BEGIN Materials provided

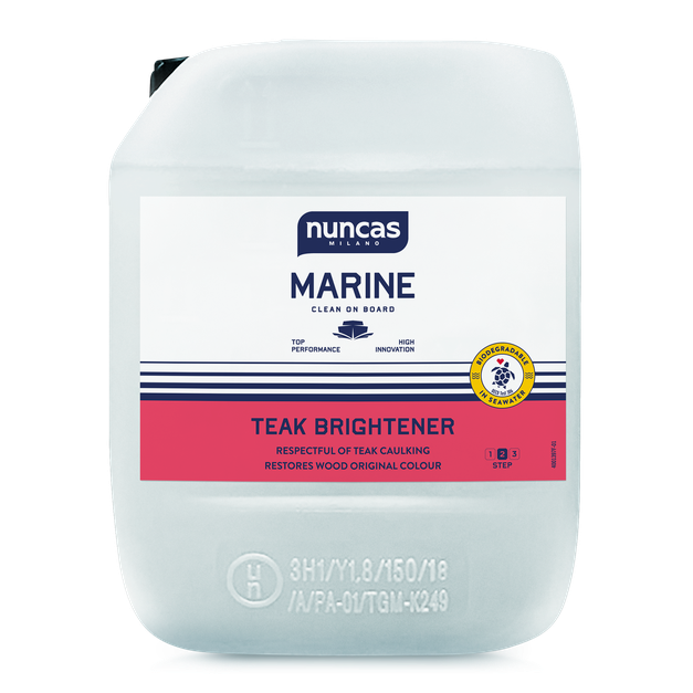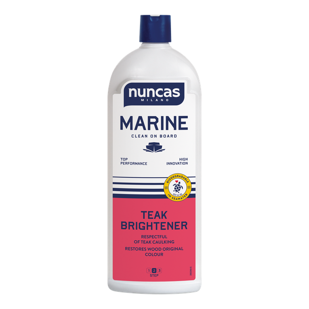 Nuncas Marine Teak Shampoo is the liquid detergent, easily diluted in water, for the routine cleaning of teak decks and furniture. Its special formula, based on coconut soap, gently cleanses and degreases the wood, lathering without damaging the deck seals. Easy to rinse, it removes all types of stains: atmospheric dirt, dust, food, body and SPF creams. After washing, the wood can be restored to its original colour with Nuncas Marine Teak Brightener.
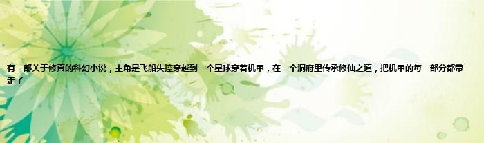 大家好,小常来为大家解答以上问题。有一部关于修真的科幻小说,主角是飞船失控穿越到一个星球穿着机甲,在一个洞府里传承修仙之道,把机甲的每一部分都带走了很多人还不知道,现在让我们一起来看看吧!
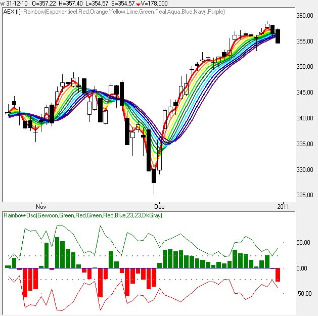 Dit samen met de andere indicatoren geeft een beeld over een mogelijke weg die de koers gaat volgen.
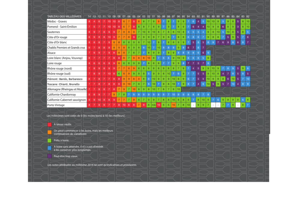 TABLEAU DES MILLÉSIMES 14 13 12 11 10 09 08 07 06 05 04 03 02 01 00 99 98 97 96 95 94 93 92 91 90 89 88 87 86 85 84 83 82 Médoc - Graves 8 4 6 7 10 10 8 6 7 9 8 8 7 9 9 7 8 7 9 9 7 6 4 5 10 10 8 5 9 8 5 8 10 Pomerol - Saint-Émilion 7 5 7 7 10 10 8 6 7 9 8 8 7 8 9 7 9 7 8 9 7 6 4 4 10 9 8 6 8 9 3 8 10 Sauternes 8 9 7 8 9 9 7 9 8 9 7 10 9 10 8 7 8 8 10 8 5 5 5 4 9 9 10 5 10 8 5 8 5 Côte d’Or rouge 8 9 8 8 10 9 7 7 8 9 7 9 9 8 7 9 8 7 8 8 6 8 6 7 9 8 8 7 5 9 5 7 6 Côte d’Or blanc 8 8 8 7 9 8 8 8 8 9 8 7 10 7 8 7 8 8 9 9 7 5 8 5 8 9 7 6 9 8 6 8 7 Chablis Premiers et Grands crus 9 7 8 8 9 8 9 8 8 9 8 6 10 7 10 8 8 8 9 8 6 7 8 7 Alsace 7 9 9 7 9 8 8 8 7 8 7 7 8 9 9 7 8 9 8 8 9 8 6 6 9 Loire blanc (Anjou, Vouvray) 8 7 7 7 7 8 8 8 7 9 8 8 10 8 7 6 6 9 10 9 6 6 6 5 9 Loire rouge 8 6 6 6 8 9 8 6 8 9 8 7 8 8 8 7 7 9 9 8 7 7 5 7 9 Rhône rouge (nord) 7 8 9 8 9 9 7 7 8 9 8 8 6 8 8 9 8 8 7 9 7 4 5 9 9 10 9 7 8 9 5 9 8 Rhône rouge (sud) 7 8 9 7 10 8 6 8 9 9 9 8 5 9 9 8 10 7 6 9 7 7 5 5 9 10 8 4 7 8 5 8 5 8 7 8 7 7 8 8 9 9 8 9 8 6 10 9 9 9 10 9 9 6 7 5 5 10 9 8 8 6 10 5 7 10 7 7 8 7 8 8 8 9 10 7 9 7 6 10 7 9 8 10 7 9 8 7 4 6 10 5 9 5 7 10 4 8 9 Allemagne (Rheingau et Moselle) 7 7 9 8 7 8 7 9 7 10 8 9 8 10 7 8 7 9 10 Californie-Chardonnay 8 8 9 7 7 9 7 8 7 8 8 8 9 9 8 8 7 10 9 9 8 8 8 7 8 Californie-Cabernet sauvignon 9 9 10 8 8 9 7 7 7 9 8 7 9 9 7 8 8 10 8 8 9 7 8 10 9 7 6 9 8 9 8 6 8 Porto Vintage 8 7 9 9 7 7 8 10 6 8 7 9 6 n/a 10 5 5 10 7 8 10 - 9 9 7 - - 7 7 9 - 8 7 Les millésimes sont cotés de 0 (les moins bons) à 10 (les meilleurs). À laisser vieillir. On peut commencer à les boire, mais les meilleurs continueront de s’améliorer. Prêts à boire. À boire sans attendre, il n’y a pas d’intérêt à les conserver plus longtemps. Peut-être trop vieux. Les notes attribuées au millésime 2014 ne sont qu’indicatives et provisoires.
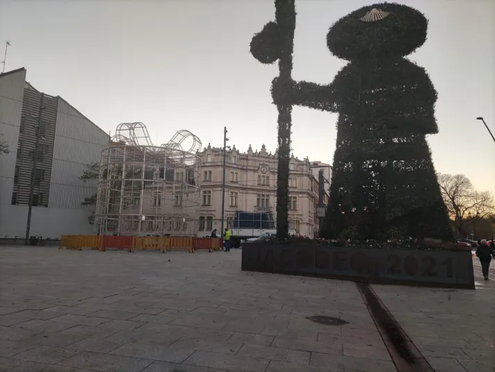 Ahora, con la llegada de la Navidad, el Ayuntamiento ha vuelto a instalar en el Paseo Sierra de Atapuerca el paquete de regalo de luces. Junto al peregrino. Y las redes han vuelto a enloquecer porque "ya no cabe más" o "Ánimo. Si lo juntamos todo un poco aún caben más cosas". La acera más cercana al Fórum se ha llenado de esculturas y poco espacio dejan para el libre tránsito de los peatones, que a un lado tienen el carril bici y al otro, estas dos figuras.

END Materials provided

Task goal
Write out each line of the data above exactly, starting at the top and finishing with the line containing "Dit samen met"; omit the pictures.

Finished task
 Nuncas Marine Teak Shampoo is the liquid detergent, easily diluted in water, for the routine cleaning of teak decks and furniture. Its special formula, based on coconut soap, gently cleanses and degreases the wood, lathering without damaging the deck seals. Easy to rinse, it removes all types of stains: atmospheric dirt, dust, food, body and SPF creams. After washing, the wood can be restored to its original colour with Nuncas Marine Teak Brightener.
 大家好,小常来为大家解答以上问题。有一部关于修真的科幻小说,主角是飞船失控穿越到一个星球穿着机甲,在一个洞府里传承修仙之道,把机甲的每一部分都带走了很多人还不知道,现在让我们一起来看看吧!
 Dit samen met de andere indicatoren geeft een beeld over een mogelijke weg die de koers gaat volgen.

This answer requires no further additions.